Accidentally 'in love' - baby sleep naturally
You may have heard the term 'accidental parenting' which implies that you, the parents, have inadvertently caused (or will cause) your baby to have sleeping difficulties if you encourage 'bad habits' such as letting your baby fall asleep in your arms or not following a strict regime of one sort or another.
The truth is, there is no accident about how you feel when your baby calms and dozes in your arms, opening heavy eyelids to meet your gaze then perhaps giving a tiny smile before his eyes flutter shut again with delicate lashes resting against little pink cheeks, his warm body snuggled next to your own. Nor is it a sign of weakness or indulgence on your part that you can't resist your baby's cries to be soothed to sleep. Rather, it is due to what scientists call the 'chemistry of attachment'.
This is a massive hormonal upheaval that begins during pregnancy, ensuring that you and your baby are chemically primed to fall in love when you meet each other face-to-face or rather, skin-to-skin, at birth. It is nature's insurance that your baby will signal for exactly the care she needs to grow and thrive and that your strong connection with her will help you understand and meet these needs as she adapts to the world outside the womb.

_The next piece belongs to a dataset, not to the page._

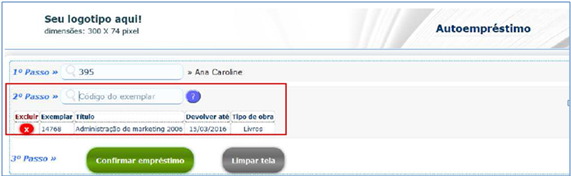- Inserir o Código do Exemplar, se for pegar mais de um livro inserir o código do outro exemplar em seguida;

During the last trimester of pregnancy, your body brews a cocktail of hormones, and your pituitary gland, which produces this 'mummy margarita', doubles in size and remains enlarged for up to six months postpartum. This means that for as long as six months after your baby is born, your emotional mindset will be irresistibly affected by shifting levels of hormones. This powerful hormonal hangover has such universally intense effects on mothers' inner lives that it is documented by researchers under a variety of labels including 'maternal pre-occupation' and 'motherhood mindset'. This more intuitive mindset can be quite at odds with our modern lifestyles and often comes as a shock to women who have previously been in a more goal-oriented and solution-focused space prior to having a baby. Now, it seems that control is out the window and logic has left the building, as the skills that used to keep things neat and tidy (literally) are no longer relevant. This is why the baby instruction manual that advised an efficient program of sleep management seemed so sensible while you were pregnant, but now makes you feel like a failure as neither your baby nor you seem able to slot neatly into the prescribed timetable.
If you can appreciate this new, responsive state as nature's preparation for creating a synchrony between you and the instinctual world of your newborn, you will understand why there is such a struggle between the 'logic' of sleep training advice and your urge to respond to your baby.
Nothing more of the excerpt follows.